* REQUIRED WORK
For this exercise, please transcribe exactly and only the lines from the one containing "Premium Hotel Embroidered" through the end of the material, both ends included, without pictures.
Start of DATASET CONTENT
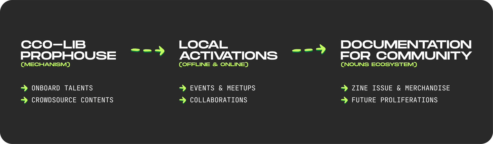 - we will invite and collaborate with a diverse of local artists, each representing various forms of artistic expression, to produce their own content about Nouns using resources from cc0-lib.wtf library
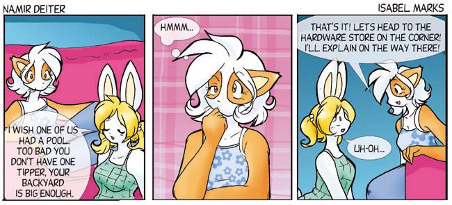 Namir Deiter is © Isabel Marks, 1999-2012. Do not distribute any images on this site without the artist's permission and without giving credit to the Isabel Marks (including a link back to https://namirdeiter.com). Namir Deiter has been on the web since November 1999 and usually updates Monday, Wednesday, and Friday at around midnight PST.
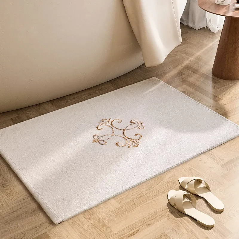 Premium Hotel Embroidered Bath Mat - 100% Cotton Absorbent Door Mat for Bathroom, Machine Washable Non-Slip Rug, Perfect for Elegant Spaces
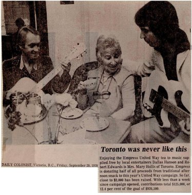 Toronto was never like this News Author: Daily ColonistPublished by: Daily Colonist United Way fundraising at the Empress Hotel in 1978 Posted: Jan 16, 2016 Originally Published: Sep 29, 1978 In this Article Artist(s) Dallas Hansen Trio, Dallas Hansen, Robert Edwards
End of DATASET CONTENT
* TASK SOLUTION
 Premium Hotel Embroidered Bath Mat - 100% Cotton Absorbent Door Mat for Bathroom, Machine Washable Non-Slip Rug, Perfect for Elegant Spaces
 Toronto was never like this News Author: Daily ColonistPublished by: Daily Colonist United Way fundraising at the Empress Hotel in 1978 Posted: Jan 16, 2016 Originally Published: Sep 29, 1978 In this Article Artist(s) Dallas Hansen Trio, Dallas Hansen, Robert Edwards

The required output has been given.